MySQL / PHP String Comparison

Discussion in 'Web Design and Development' started by SChaput, Jul 22, 2009.

  1. SChaput macrumors regular

    Joined:
    Jul 2, 2008
    Location:
    United States
    #1
    Good morning all,

    I'd appreciate your guidance on this issue, i currently have a website in which people are allowed to post anything they want regarding certain topics. I use php to output the information from my mysql database onto the main page of site.

    From there i display a link, bringing the user to another page, while passing the ID of the original post through the URL. On this new page i'd like to compare , every word of the original post (which i can put into a variable by querying the database for that ID number) to every word of another paragraph, from another table in my database. If it finds some sort of similarity's between the two, to print out the paragraph from the second table.

    I originally coded this using the mysql LIKE while incorporating the use of % and _, until i realized this was comparing the entire string to the entire string, with wild-cards on the end.

    From there i managed to explode the original post but am just giving my headache trying to figure out how to compare each word of the 1st post, to every word in the 2nd post.

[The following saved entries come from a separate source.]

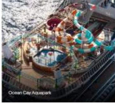
Ocean City Aquapark
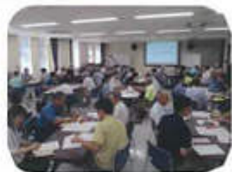
地域についての話し合い 情報共有の場『協議体』
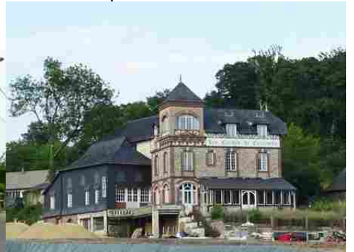
L'auberge des Cloches de Corneville
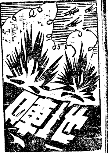
期六七一第 (稿投迎歡)
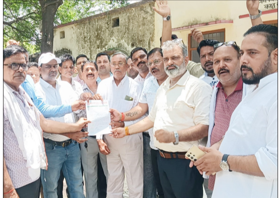
अधिशासी अभियंता को ज्ञापन देते हुए व्यापार मंडल के पदाधिकारी।

पुवायां। भीषण गर्मी के बीच नगर में लगातार हो रही विद्युत कटौती और लो वोल्टेज की समस्या को लेकर व्यापारियों में भारी नाराजगी देखने को मिली है। नगर उद्योग व्यापार मंडल ने अधिशासी अभियंता को ज्ञापन सौंपा। साथ ही इस बिजली कटौती की समस्या से निजात दिलाए जाने की मांग की।
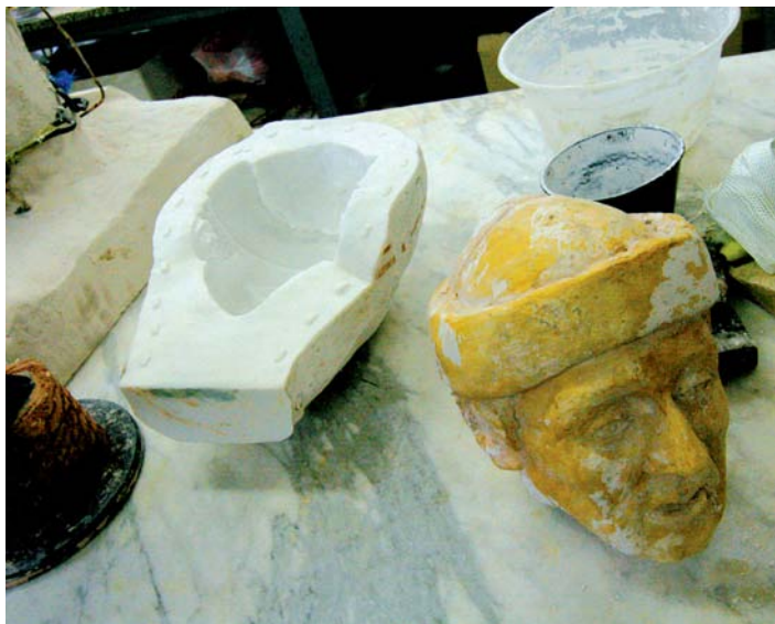
Sádrový odlitek sochy Švandy Dudáka.
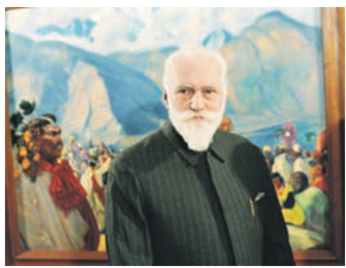
1991 год. Москва. Художник Святослав Рерих передал России наследие своей семьи

Верховный суд РФ опубликовал определение, смысл которого в том, что высшая юридическая инстанция не намерена пересматривать решения трех нижестоящих судов в отношении «дела Рерихов». По иску Государственного музея искусства народов Востока суды обязали Центр Рерихов (МЦР) освободить одно из зданий в центре Москвы, в Малом Знаменском переулке. «Приведенные организационные доводы не могут быть признаны основанием для отмены обжалуемых судебных актов
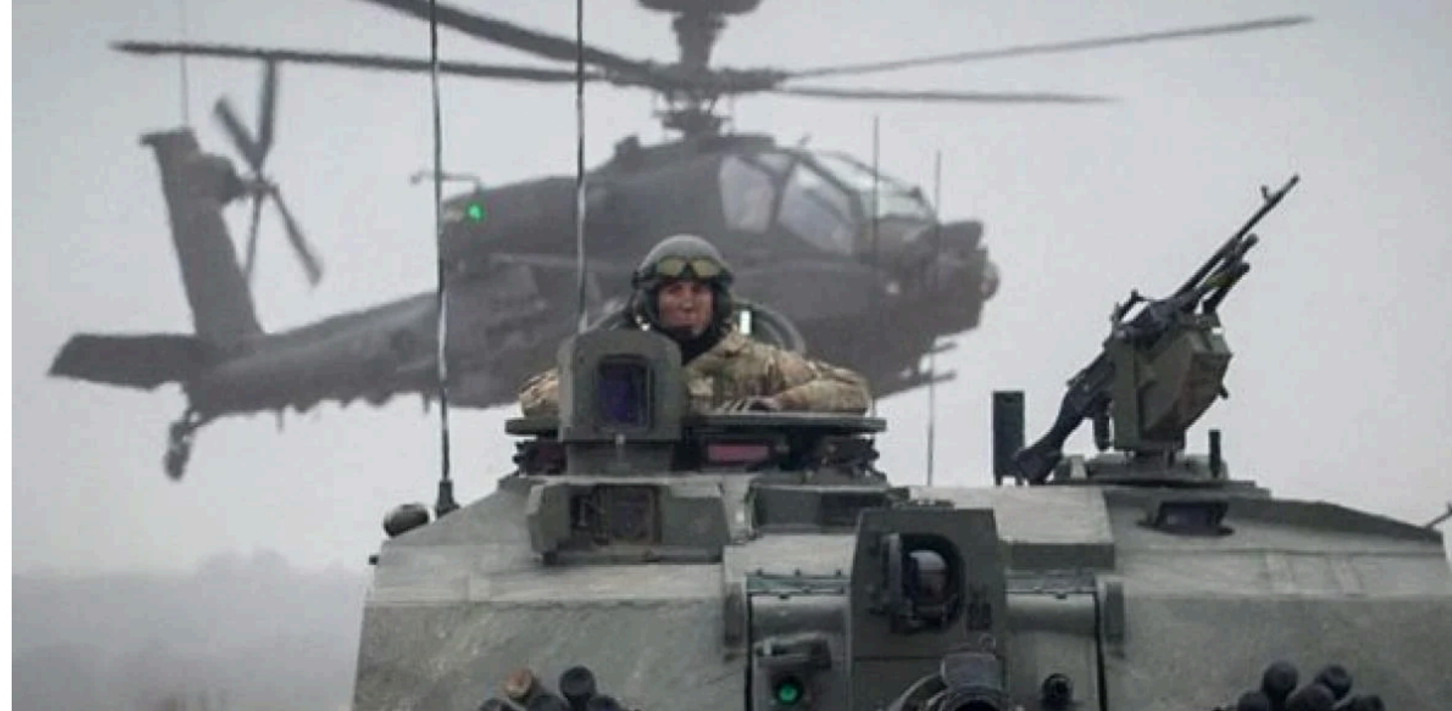
Естонія, як країна НАТО, проводить регулярні військові навчання, тримаючи армію напалогою

Концентрація "російських громадян" в цих країнах настільки висока, що це – ідеальне тло для провокацій. Коли організувати інцидент із "постраждалими" від переслідування місцевою владою/правоохоронцями громадянином РФ – лише питання техніки.

    Any help is greatly appreciated, Thanks!
     
  2. SrWebDeveloper macrumors 68000

    SrWebDeveloper

    Joined:
    Dec 7, 2007
    Location:
    Alexandria, VA, USA
    #2
    Actually, using "like %$string%" in PHP/MySQL will return a record if $string exists in that table at any position, no need for additional wildcards. Unless I am mis-understanding you, please post a highly simplified example using sentences instead of paragraphs for each and an example query you've tried which doesn't do as you expected.

    -jim
     
  3. SChaput thread starter macrumors regular

    Joined:
    Jul 2, 2008
    Location:
    United States
    #3
    Alright, i dont have access to my direct code right now, but ill try and post a simple example of what im trying to accomplish.

    Table Posts
    ---------------------
    ID:15
    ----------------------
    POST: Today i did this and That
    ---------------------

    Table Compare
    ----------------------
    comparetext: something something this something
    ------------------------

    Code:
    $id=$_GET['id'];
    $sqlFindOriginal = "SELECT * from posts WHERE id=$id"
    		mysql_query(sqlFindCompare);
    ///put $post into variable called, $originalpost
    
    
    $sqlFindCompare = "SELECT * from compare WHERE comparetext LIKE %$originalpost%'";   
    mysql_query(sqlFindCompare);
    
    ///Output anything from compare that is similar to Posts
    
    Hope this helps. From what i can remember from my testing these sort of queries only returned items that had one word similarities. For instance if the table structure was,
    Table Posts
    ---------------------
    ID:15
    ----------------------
    POST: test
    ---------------------

    Table Compare
    ----------------------
    comparetext: test
    ------------------------

    It would work...
    However, if the table structure was

    Table Posts
    ---------------------
    ID:15
    ----------------------
    POST: test
    ---------------------

    Table Compare
    ----------------------
    comparetext: something testing
    ------------------------
     
  4. SrWebDeveloper macrumors 68000

    SrWebDeveloper

    Joined:
    Dec 7, 2007
    Location:
    Alexandria, VA, USA
    #4
    I follow, working on a solution, will post in a bit...
     
  5. SChaput thread starter macrumors regular

    Joined:
    Jul 2, 2008
    Location:
    United States
    #5
    That is excellent to hear, thank you very much for your assistance.
     
  6. SrWebDeveloper macrumors 68000

    SrWebDeveloper

    Joined:
    Dec 7, 2007
    Location:
    Alexandria, VA, USA
    #6
    Tested with my own database, works for me...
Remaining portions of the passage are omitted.